L’opinion n’a pas fortement relayé la nouvelle. Pourtant, le chef de l’État a bel et bien chassé son pilote, la semaine dernière. Certes, apprend-on, le président de la République n’a pas rendu publiques les raisons qui l’ont amené à se séparer de son pilote, mais tout pousse à croire que Paul Biya serait très remonté à la suite de l’acte posé par celui faisant partie du cercle censé assurer sa sécurité. Vrai ou faux ?
D’après les bruits de couloirs, ce pilote de la flotte présidentielle aurait voulu être plus royaliste que le roi en fuitant la composition du prochain gouvernement qui consacre la chute de plusieurs barons et l’entrée en scène d’une bonne brochette de jeunes, de nombreux parlementaires, et quelques magnats des milieux d’affaires.

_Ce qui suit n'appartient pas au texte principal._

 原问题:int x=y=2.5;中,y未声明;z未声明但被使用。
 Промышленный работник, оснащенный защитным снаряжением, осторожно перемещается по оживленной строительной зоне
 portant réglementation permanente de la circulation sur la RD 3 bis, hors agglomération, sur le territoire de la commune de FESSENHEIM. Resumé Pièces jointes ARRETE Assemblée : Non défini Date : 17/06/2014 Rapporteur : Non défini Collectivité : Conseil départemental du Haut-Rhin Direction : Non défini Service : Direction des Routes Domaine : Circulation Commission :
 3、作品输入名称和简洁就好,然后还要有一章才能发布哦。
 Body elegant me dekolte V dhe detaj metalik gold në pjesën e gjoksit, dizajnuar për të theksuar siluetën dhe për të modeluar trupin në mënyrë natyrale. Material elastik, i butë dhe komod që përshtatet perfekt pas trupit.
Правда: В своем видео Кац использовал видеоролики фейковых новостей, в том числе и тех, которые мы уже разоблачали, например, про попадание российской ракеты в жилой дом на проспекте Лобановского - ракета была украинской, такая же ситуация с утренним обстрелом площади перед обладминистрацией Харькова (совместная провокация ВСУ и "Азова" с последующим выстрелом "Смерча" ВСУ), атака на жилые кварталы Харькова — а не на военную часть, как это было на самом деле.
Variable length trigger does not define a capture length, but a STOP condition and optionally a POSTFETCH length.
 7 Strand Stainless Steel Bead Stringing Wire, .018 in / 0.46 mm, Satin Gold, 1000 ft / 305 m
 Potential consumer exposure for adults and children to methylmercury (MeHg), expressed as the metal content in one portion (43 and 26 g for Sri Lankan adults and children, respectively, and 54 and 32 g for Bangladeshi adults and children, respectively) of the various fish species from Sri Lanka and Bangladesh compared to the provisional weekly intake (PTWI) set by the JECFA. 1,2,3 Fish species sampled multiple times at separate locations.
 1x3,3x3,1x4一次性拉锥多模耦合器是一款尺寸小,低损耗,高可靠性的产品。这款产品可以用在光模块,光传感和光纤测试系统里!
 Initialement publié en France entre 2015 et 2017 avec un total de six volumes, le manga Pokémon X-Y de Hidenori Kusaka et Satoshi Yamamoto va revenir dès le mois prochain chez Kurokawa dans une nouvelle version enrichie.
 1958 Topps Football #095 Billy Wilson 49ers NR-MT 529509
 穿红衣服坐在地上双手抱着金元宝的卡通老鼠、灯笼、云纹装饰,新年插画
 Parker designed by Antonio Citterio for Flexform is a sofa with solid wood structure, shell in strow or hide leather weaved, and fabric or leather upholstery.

À en croire cette pseudo mouture, le chef de l’État a également fait confiance aux femmes. Dans le même temps, une ouverture constante est observée en direction des partis de l’opposition dont l’Union des populations du Cameroun (Upc), l’Union démocratique camerounais (Udc) et des démissionnaires du Sdf (Social democratic front). On note pareillement le retour en force de certains anciens ministres qui ont fait leurs preuves par le passé au sein des maroquins importants.
Du coup, on comprend à travers cette affaire du pilote du président que, autant le feuilleton sur les fuites du prochain remaniement ministériel continue, autant la sécurité autour du chef de l’État reste discutable, au regard de l’origine parfois peu recommandable de personnages douteux qui entourent le président. Toujours est-il que Paul Biya garde encore la grande discrétion à ce sujet, même si les grands traits de la prochaine équipe ministérielle semblent se dessiner. Ce qui, évidemment, laisse cours à tout genre de spéculations dans les chaumières. Dans le même ordre d’idée, l’affaire du pilote du chef de l’État démontre bien que Paul Biya reste le seul maître du jeu dans l’arène politique, en renvoyant sine die la modification du gouvernement, qu’on dit désormais au plutôt, en décembre 2015.
Ambiance de panique
La principale leçon qu’on pourrait retenir de cette affaire, c’est sans doute que le chef des Armées a pris conscience que certains de ses collaborateurs insoupçonnés se sont constitués en véritables espions, épiant ses faits et gestes. On apprend par exemple que l’officier de l’armée de l’air au service de la plus haute autorité de l’État, était connu pour son sens du service et du dévouement dans les tâches à lui confiées.
Des sources à la présidence de la République confient que ce pilote avait réussi à conquérir la confiance presque totale de Paul Biya, jusqu’à ce grave accident. Aucune indélicatesse n’était jamais survenue dans le cadre de ses fonctions. Dans les couloirs du palais, il était présenté comme un homme adulé par diverses personnalités du régime qui voulaient faire parvenir soit un message, soit une correspondance stratégique et confidentielle au Prince.
L’histoire de ce pilote, toute proportion gardée, n’est pas sans rappeler celle de Luc Emane, du nom du lieutenant qui s’était rendu coupable du vol de la mallette du chef de l’État, au cours d’une escale à Genève, alors que Paul Biya se rendait à New York à l’occasion de la 63è session ordinaire de l’Assemblée générale de l’Organisation des Nations-unies (Onu).
Sauf que dans le cas de lieutenant Emane, le chef de l’État aurait finalement décidé de passer l’éponge sur l’affaire en étant clément envers l’ancien officier de la gendarmerie. Le fera-t-il également pour son pilote ? That’s the question.